# Pm-932 Cnc Conversion Build



## techbuilder (Dec 2, 2016)

Hi everybody.

I thought I would start the Journey of my build based on the recommendation from TomS.

I've listed some of the parts I have down below and a list of what I need to finish the build.

*Parts Purchased*:
2x 1600 oz Stepper motors for the X and Y axis 
2x 60v 350 watt power supply for the steppers
3x KL-8070D Digital Bipolar Stepper Motor Driver-32 bit DSP Based
1x SmoothStepper CNC Motion Controller
3x 6061 Aluminum for the motor mounts

*Parts Needed:*
1x Nema 42 4200 oz Stepper motor for the Z axis
2x DQ2722MA 220V power supply/stepper controller if needed for the Z axis if the KL-8070D doesn't work
3x RM2005 Ballscrews with dual ball nut.
3x Double Diaphragm Coupler

If there's anything I'm missing please feel free to let me know.


----------



## jbolt (Dec 2, 2016)

Awesome, another PM932 build. 

Additional items:

Breakout board (BoB) to interface between the smooth stepper, steppers and computer. (I highly recommend the PMDX products. I have the PMDX-126 BoB & Ethernet Smooth Stepper)

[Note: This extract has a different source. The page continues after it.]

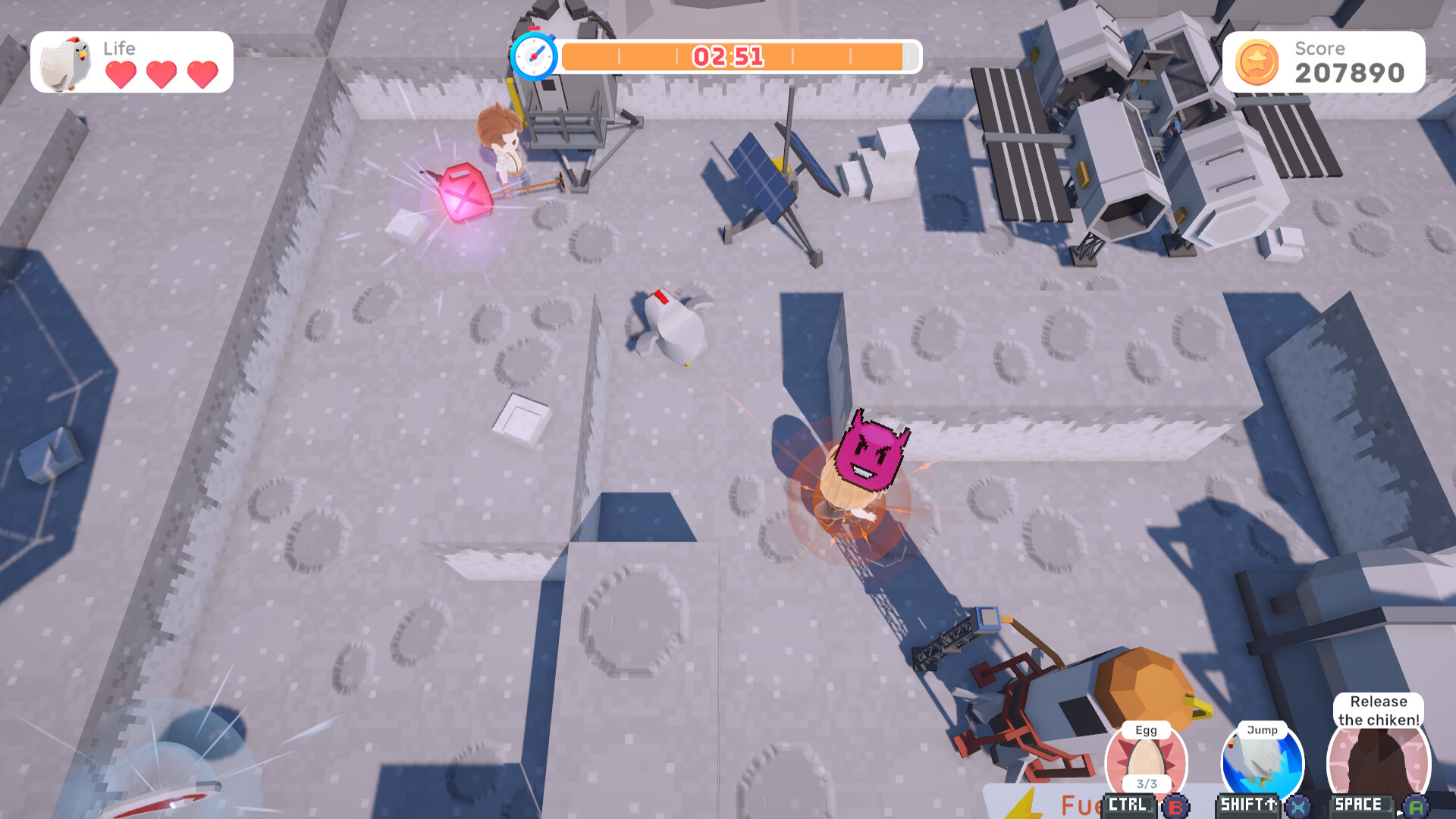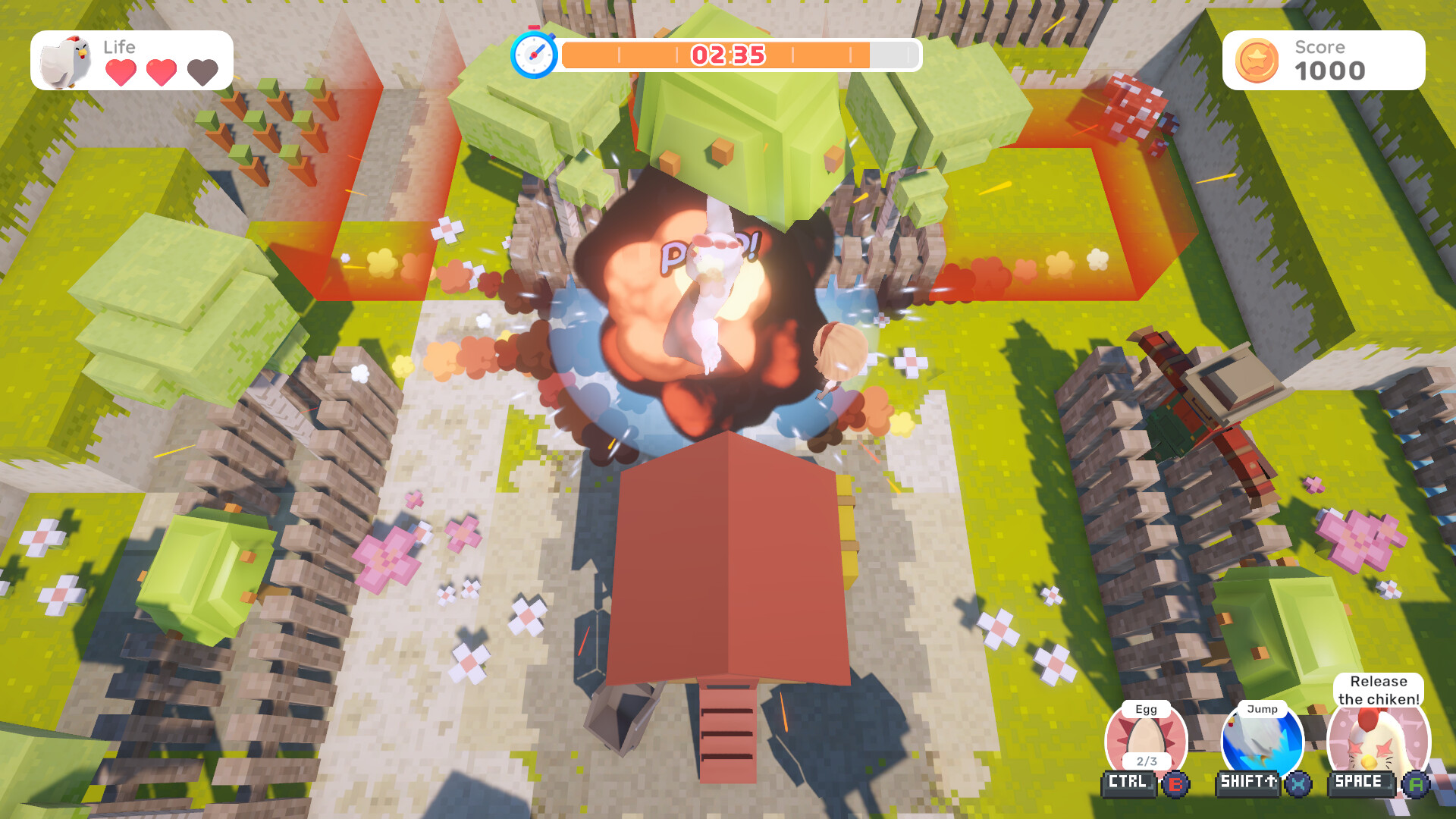 Release the Chicken: Release the power of the strange object into the chicken to turn the tables and allow it to chase the farmer and stun him if it hits him.

Enclosure for your electronics.

Cables & connectors for the stepper motors.

A/C bearings or BK/BF bearing blocks for the ball screws.

Are you free hanging the Z-axis ball screw or supporting the lower end? (additional hardware required if supporting)

Do you want the computer to start and stop the spindle? (May require a relay if your BoB does not have one to use.)

Are you doing a one-shot oiler system? (Requires one-shot oil pump, fittings, tubing, a manifold and prepping the machine for it.)

At some point you will want to improve the way covers. The stock ones don't seem to hold up and collect chips. Okay for manual machining but not CNC.


We're not that far apart so if you need a hand with something or want to take a look at my setup let me know, I'd be glad to help.


----------



## TomS (Dec 2, 2016)

With your list and jbolt's list you should have everything you need to build your machine.  You will also need a computer, motion control software (Mach3 or 4, or Linux), a CAD program, and a CAM program.  When it comes to CAD/CAM there is a lot to choose from.  Prices start at "free" and get into the thousands.  For info I use eMachineShop (free) for simple 2D and 2.5D drawings and Fusion 360 (free) for 3D, modeling and complex parts.  For CAM I use CamBam.  Fusion 360 also has built in CAM. 

Good luck with your build.  Remember, we are here to help you work through your project.

Tom S.


----------



## techbuilder (Dec 5, 2016)

jbolt said:


> Breakout board (BoB) to interface between the smooth stepper, steppers and computer. (I highly recommend the PMDX products. I have the PMDX-126 BoB & Ethernet Smooth Stepper)



I'll check out that breakout board, I have an older one I forgot to include but it's certainly outdated.



jbolt said:


> Enclosure for your electronics.



That one is checked off as well, I'm using an old atx case that I stripped and made it into a control panel (well started to lol)



jbolt said:


> Cables & connectors for the stepper motors.


Still figuring out which ones to use have any recommendations?



jbolt said:


> A/C bearings or BK/BF bearing blocks for the ball screws.


Haven't figured those out yet which ones did you use for yours?



jbolt said:


> Are you free hanging the Z-axis ball screw or supporting the lower end? (additional hardware required if supporting)


I'll be supporting the lower end with a gas spring to prevent loss of steps during boring operations. 



jbolt said:


> Do you want the computer to start and stop the spindle? (May require a relay if your BoB does not have one to use.)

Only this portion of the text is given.